Москва смотрела сурово, озабоченно, но и неколебимо, и, чем пытливее вглядывался старый инженер в окружающее, в лица людей на аэровокзале, в автобусе (он нарочно не воспользовался присланной машиной), на городских улицах, — тем спокойнее и светлее становилось его собственное лицо. Да, да! Так он думал и там, в Америке.

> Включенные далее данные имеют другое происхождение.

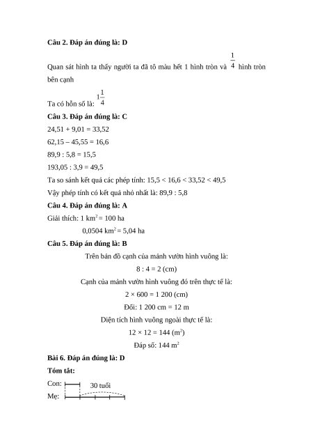 Câu 3. Trong các phép tính dưới đây, phép tính có kết quả nhỏ nhất là: A. 24,51 + 9,01 B. 62,15 – 45,55 C. 89,9 : 5,8 D. 193,05 : 3,9
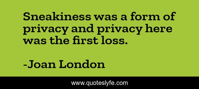 This page presents the quote "Sneakiness was a form of privacy and privacy here was the first loss.". Author of this quote is Joan London. .
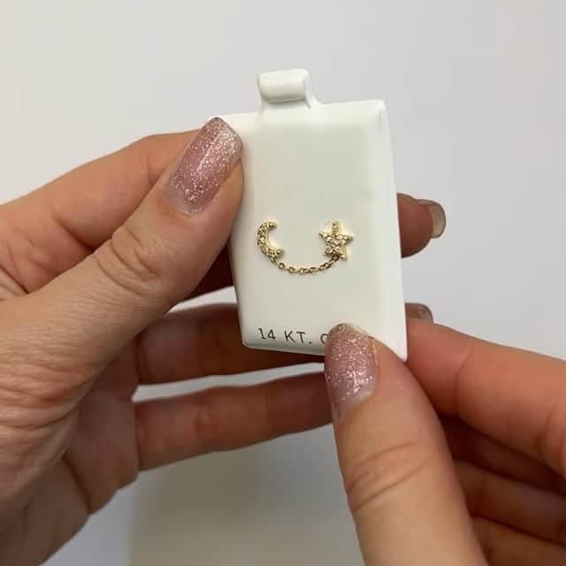 Read full return policy14K Gold CZ Half Moon & Star Double Pierced Stud Earrings
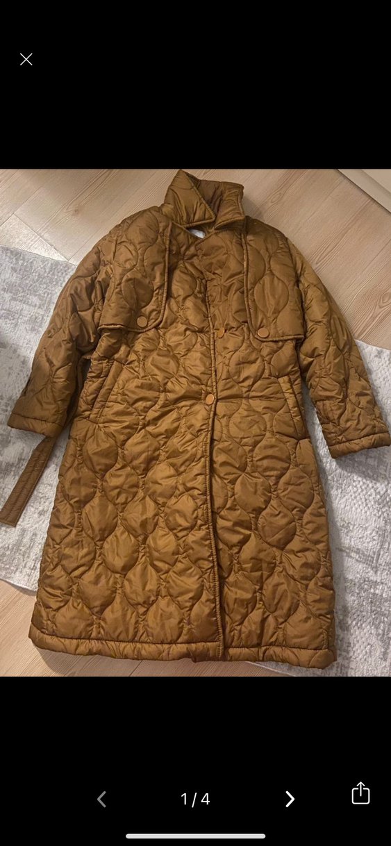 Yumuşak keten kumaştan yapılmış, düğmeli ve bol kesim kahverengi uzun kışlık mont. Notlu yaka ve uzun kollu, sokak modası tarzında. ❄️
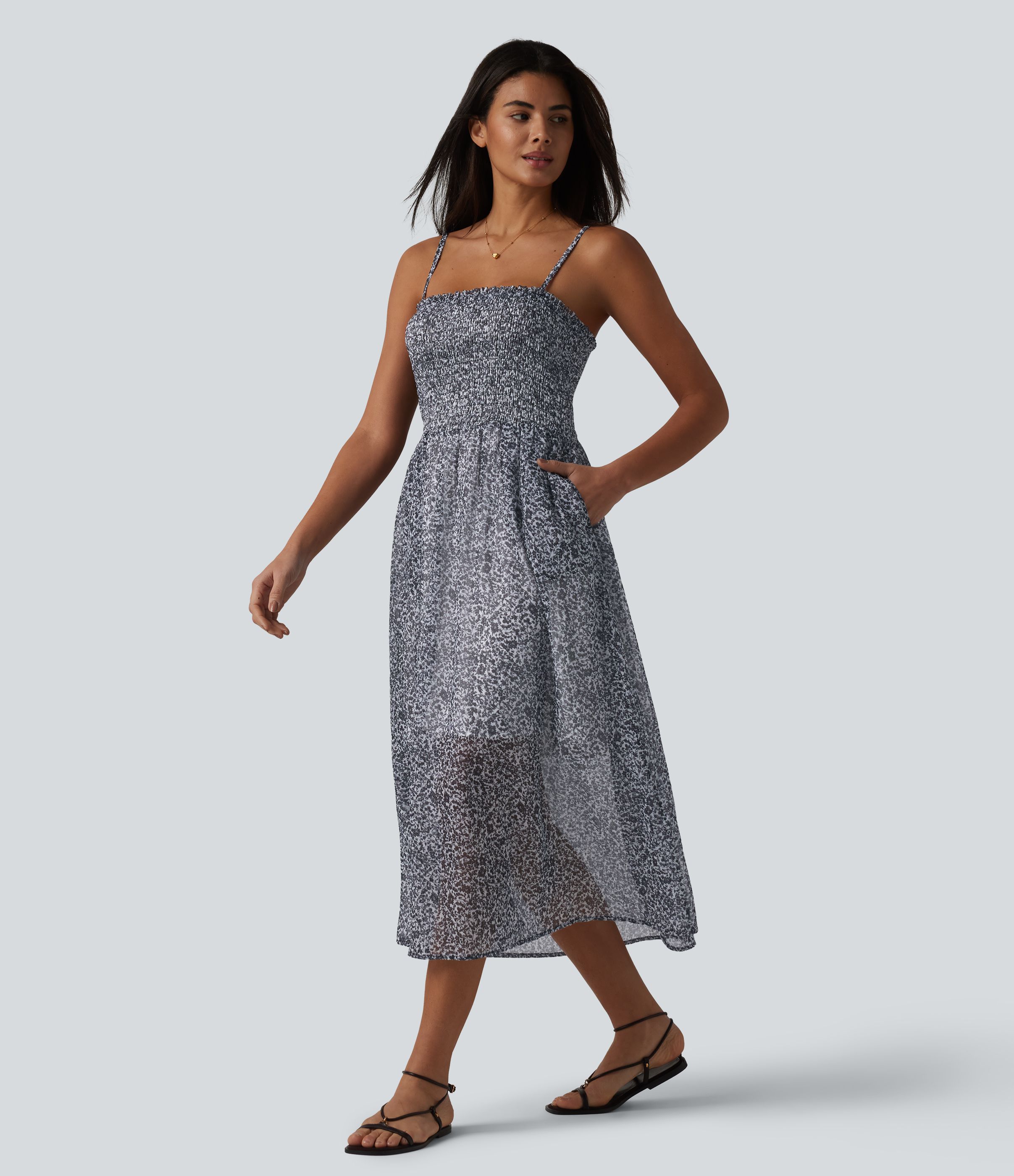 Adjustable Straps Shirred Ditsy Floral Print Chiffon Flowy Midi Casual Slip Dress with Pockets
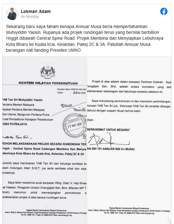 Terdahulu Lokman dalam satu hantaran di Facebooknya mendedahkan 'surat sokongan' Annuar kepada Muhyiddin agar diberikan rundingan terus projek membina dan menyiapkan Lebuhraya Kota Bharu- Kuala Krai (pakej 2C dan 3A) kepada sebuah syarikat.
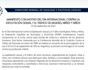 Leer másCasariche se adhiere a la conmemoración del Día Internacional contra la Explotación Sexual y el Tráfico de Mujeres, Niñas y Niños, haciéndose eco del manifiesto
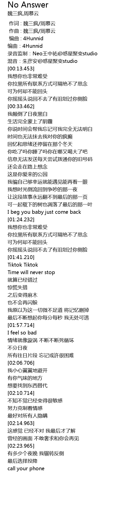 | [00:05.458] | 编曲:4Hunnid |
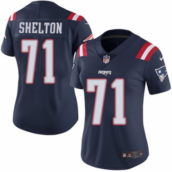 >Women's Nike New England Patriots #71 Danny Shelton Limited Navy Blue Rush Vapor Untouchable NFL Jersey

Был убежден, что все эти лощеные «референты по восточному вопросу», знатоки «славянской души», «наблюдатели» и «руссисты» ровно ничего не понимают, выдают за правду то, что им больше всего хотелось бы видеть в действительности. Он так и знал! Но радостью было воочию убеждаться в том, как нелепа, как безмерна, как беспомощна эта американская ложь... «Россия накануне гибели»? «Москва беззащитна»! Гм! Посмотрим, мистер Болдуин и все юркие борзописцы из многочисленных газетных трестов... Напрасно вы взирали столь скорбными глазами на советского авиаконструктора! Пообождем — увидим, кто окажется прав!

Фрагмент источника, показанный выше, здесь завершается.